Figure 2. Identification of proteins targeted for degradation by HCMV using an inhibitor-based proteomic screen. (A) Results of the inhibitor-based screen. All 145 proteins downregulated >1.5 fold are plotted, with down-regulated proteins divided into 4 groups using rescue ratios of >1.5 as cut-offs. The table shows the number of proteins in each group. For rescue ratios, the denominator (mock with drug)/mock was limited to a minimum of 1 to prevent artificial ratio inflation. (B) Examples of positive controls from the existing literature that were validated in this screen. (C) Examples of degraded proteins rescued by both inhibitors (top panels), MG132 only (middle panels), or bortezomib only (bottom panels).

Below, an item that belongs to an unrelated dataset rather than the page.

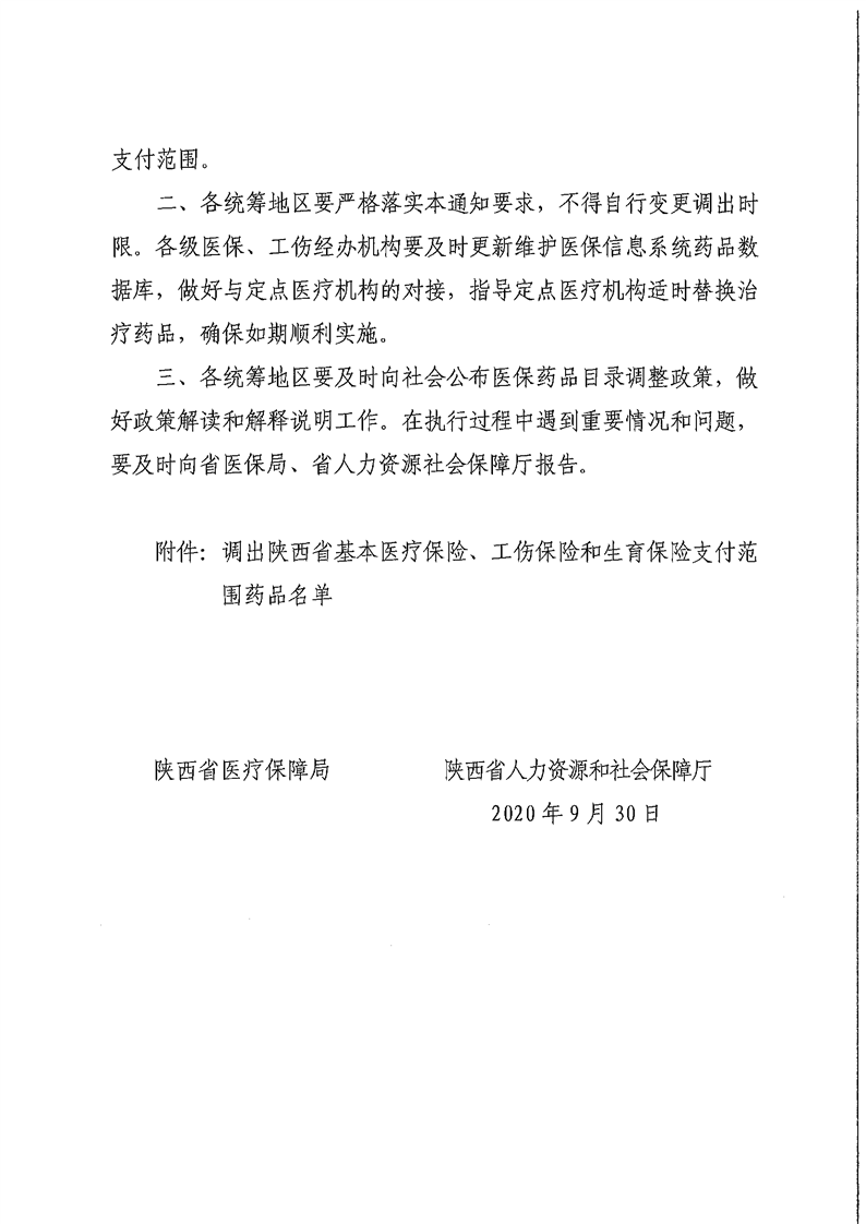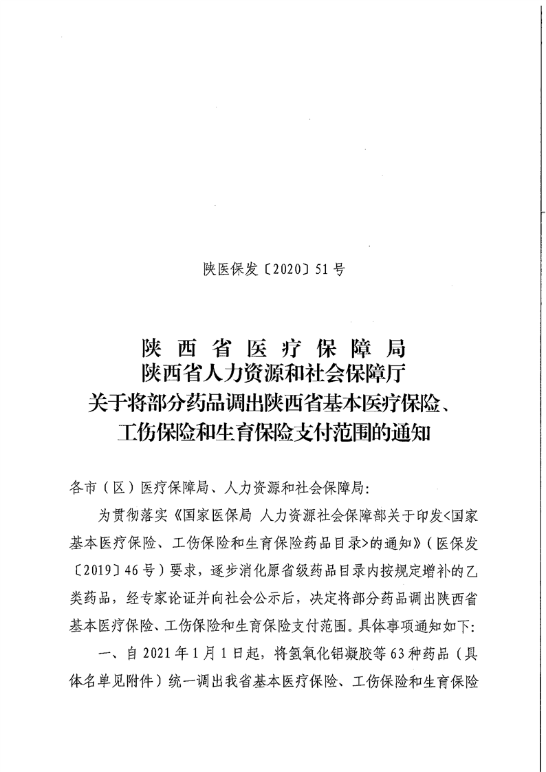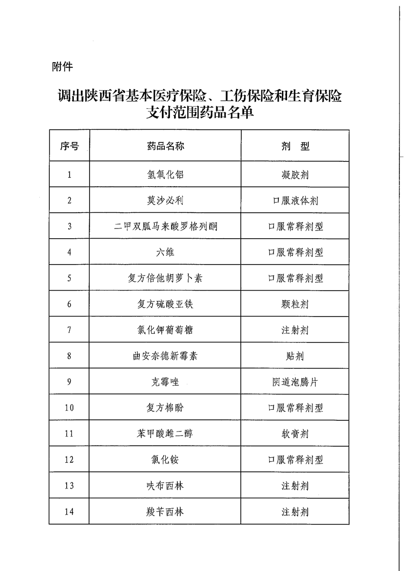 标题:陕西省医疗保障局 陕西省人力资源和社会保障厅 关于将部分药品调出陕西省基本医疗保险、工伤保险和生育保险支付范围的通知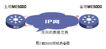 - ME5000采用雙機(jī)熱備技術(shù),2臺(tái)ME5000通過(guò)IP網(wǎng)絡(luò)(局域網(wǎng)、廣域網(wǎng))在線熱備,出現(xiàn)意外情況時(shí),備份ME5000將及時(shí)接替原ME5000將會(huì)議繼續(xù)召開(kāi),不需要終端進(jìn)行任何操作,保障會(huì)議延續(xù)。

Certain proteins exhibited a greater degree of rescue with MG132 compared to bortezomib (Figure 2B, yellow dots ). Of the 21 proteins only rescued >1.5 fold by MG132, 13 (62%) exhibited bortezomib rescue ratios of >1.25 and <1.5, suggesting that many of this group of proteins may nevertheless be proteasomally degraded. These included the PDZ domain containing protein 11 (PDZD11) and transcriptional repressor BEN Domain Containing 3 (BEND3) (Figure S2, Tables S1-2). In contrast, 8/21 proteins appeared genuinely to be selectively rescued by MG132 but not bortezomib (bortezomib rescue ratio <1.25), including the fibroblast growth factor receptor Golgi Glycoprotein 1 (GLG1), E3 ligase Neural Precursor Cell Expressed, Developmentally Down-Regulated 4 (NEDD4) and carbohydrate sulfotransferase 14 (CHST14) (Figure 2C middle panel, Table S1 ). Similar data were obtained for treatments with 500 nM and 1 µM bortezomib, validating these findings (Figure 3 ). Interestingly, Gene Ontology annotation of all 8 proteins indicated an association with either the cell membrane, the Golgi apparatus, or vesicle secretion. Furthermore, comparison of data with our previous study examining protein rescue by MG132 or leupeptin indicated that GLG1, NEDD4 and CHST14 were also significantly rescued by treatment with the lysosomal protease inhibitor leupeptin (Figure 3 ), suggesting that a proportion of the proteins rescued by MG132 alone are degraded lysosomally.
Of proteins exhibiting a greater degree of rescue with bortezomib compared to MG132 (Figure 2A, purple dots ), 8/9 (89%) exhibited MG132 rescue ratios >1.25 but <1.5 (examples in Figure S2, 2C bottom panel ), suggesting that the majority of all proteins in this class were in fact rescued by both inhibitors. The one exception was LIM domain-containing protein AJUBA, whose MG132 rescue ratio was 1.16 in this data (Figure 2C bottom panel ), but neared significance in our previous study (Table S2 ); these differences may reflect relatively poor quantitation by only two or one peptides respectively.